Security & lifecycle
  • OAuth2 with scoped permissions.
  • Rate limits & quotas.
  • API versioning and deprecation windows.
  • App review / validation flows.

Slack – Platform

  • APIs & SDKs:
    • Slack Web API & Events API.
    • Bolt framework (Node, Python, Java) on top of the SDKs.
  • Capabilities:
    • Slash commands, message actions, interactive UIs, workflows.
  • Internal rule:
    Internal systems should consume the same platform abstractions as external apps — no “secret” internal DB shortcuts.

6. Engineering Standards, Tooling & Observability

Questions it answers
  • How do teams ship fast without breaking everything?
  • How do we debug issues across thousands of services and shards?
Standards
  • Code quality
    • Static typing where practical (Hack, Java, TS).
    • Code review as default, not exception.
    • Service templates with logging/metrics/tracing built in.
  • CI/CD
    • Automated tests and builds per change.
    • Canary & phased rollouts.
    • Fast rollbacks and feature flags.
  • Observability
    • Centralized structured logging.
    • Metrics on latency, errors, saturation.
    • Distributed tracing across APIs and async jobs.
  • Dev environments
    • Remote dev envs mirroring production topology.
    • Per-developer or per-team sandboxes.

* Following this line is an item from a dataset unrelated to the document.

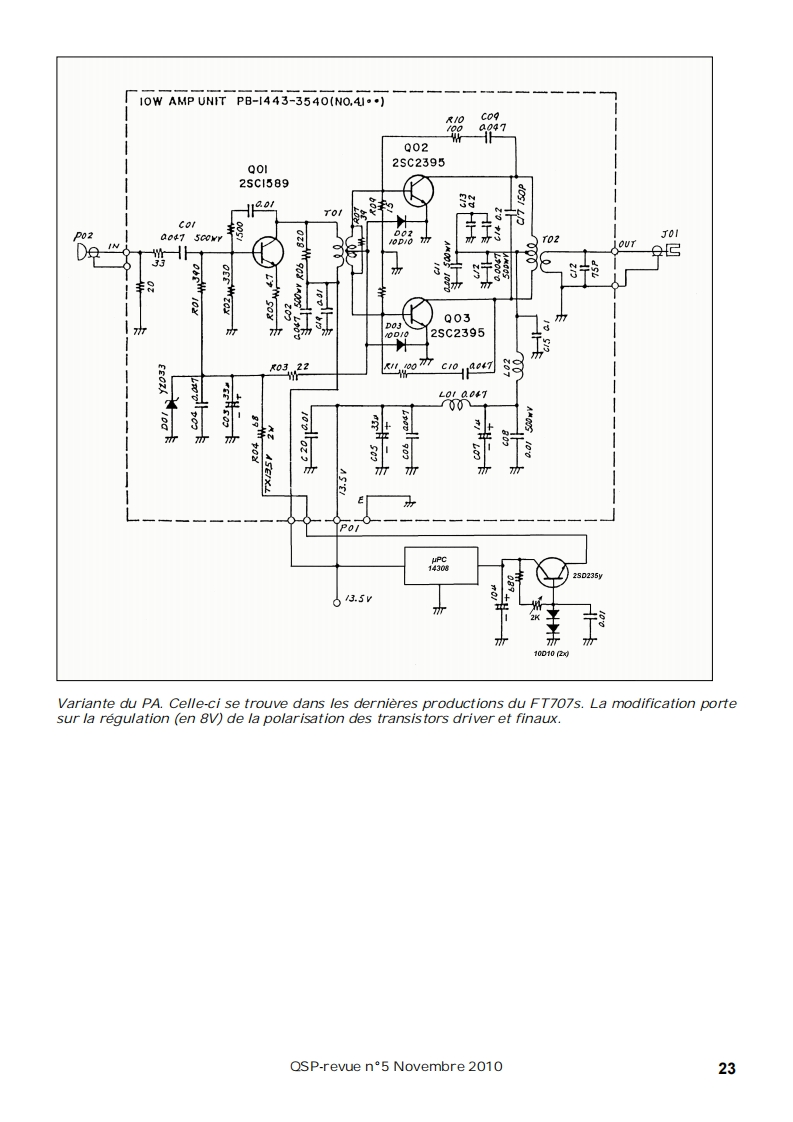 QRPSchema du PA 10W des FT-7,77s et 707sCes transceivers sont tres prises des amateurssheet.Mais Heureusement pour nous ils ont lede QRP et a juste titre Mais le schema estcelebre 2SC1969 comme correspondance.Cesindisponible sur Internet...Le voici a la pagetransistors sont indestructibles dans un usagesuivante.II existe en deux versions:la secondenormal mais des OM poussent le reglageest celle d'une version ulterieure du FT-707s.d'ALC a fond pour sortir le maximum deCe PA est particulierement lineaire et de bonnepuissance (-18W)et le refroidissement n'estqualite.C'est une reussite et c'est pour cettepas suffisant,surtout dans I'habitacle d'uneraison qu'il s'est retrouve dans plusieursvoiture en ete.Et comme I'ALC sert aussi a lagenerations de TX.protection du PA,on se retrouve avec desll faut signaler que les transistors du PA sonttransistors fondus.…quasiment introuvables,de meme que leur dataI0W AMP UNIT PB-1443-3540(NO.4J..)002Q012SC23952sC1589lpaet3corT02了01De-INaoiy scexpOUT宁0032SC2395r03c00☑s8水而PA Yaesu 10W.Le schema le plus repandu.Se trouve dans les FT-7,77s et 707s22QSP-revue n5 Novembre 2010

Slack – Standards & Dev Envs

  • Remote development environments on EC2 running full Slack app replicas.
  • Migration from plain PHP to Hack to enforce static types and long-term maintainability.

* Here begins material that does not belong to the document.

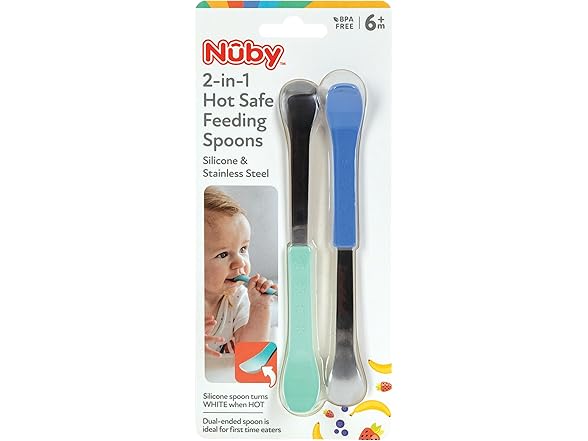 - SPOON SET FOR BABIES 6+ MONTHS: Nuby's 2-in-1 Hot Safe Spoons are perfect to use at breakfast, lunch, and dinner; Spoon design helps to scoop food from hard-to-reach areas in baby food jars

Capacity Planning Blueprint

Use capacity tiers to keep your Tech Strand honest.

Tier 0 – Prototype

  • Architecture:
    • Monolith.
    • 1× DB (MySQL/Postgres) + optional read replica.
    • Simple cache (Redis/Memcached).
  • Suitable for: up to ~10–50k DAU.

Tier 1 – Growth

  • Architecture:
    • Modular monolith or early microservices.
    • Dedicated real-time services if needed.
    • Heavier caching, queues, scheduled jobs.
  • Suitable for: ~250k DAU.

Tier 2 – Slack-Scale

  • Architecture:
    • Cell-based microservices.
    • Fully sharded storage (Vitess-like).
    • Dedicated real-time grid (gateways, fanout, presence).
    • Rich platform layer (APIs, SDKs, events).
  • Suitable for: 10M+ DAU, billions of messages/day.

🧩 Third-Party & Integrations Catalog

The Tech Strand also maintains a catalog of external bets:
  • Messaging & Queues
    • Kafka, Redis Streams, SQS, etc.
    • Chosen by throughput, ordering, and ops complexity.
  • Search & Indexing
    • Solr/Elasticsearch/OpenSearch.
    • Multi-tenant index design, latency vs freshness.
  • Analytics & Warehousing
    • Presto, Spark, Airflow, Hadoop, Snowflake, BigQuery.
    • Chosen by query model, retention, and cost.
  • Monitoring & Observability
    • Prometheus+Grafana, Datadog, New Relic, OpenTelemetry.
    • Chosen by tracing capabilities, service correlation, alerting quality.
Each entry should contain:
  • what it’s used for,
  • why it was chosen,
  • how hard it is to migrate away from it.

🛠 How to Use This Strand in Practice

  1. Write the constraints first
    • From Product, UX, Brand: latency, scale, security, platforms.
  2. Pick a capacity tier
    • Prototype, Growth, or Slack-scale.
    • Document “what breaks next” as you grow.
  3. Fill out the six decision axes
    • Runtime & services
    • Client stack
    • Data & storage
    • Scalability & topology
    • Integrations & platform
    • Standards & observability
  4. Define Slack-style reference
    • For each axis, add at least one real company profile (Slack here) to anchor reality.
  5. Revisit quarterly
    • Tech Strand is living DNA.
    • Every major architectural evolution should be reflected here.

Quote to steal:
“Your product is what users see — but your Tech Strand decides whether it survives contact with reality.”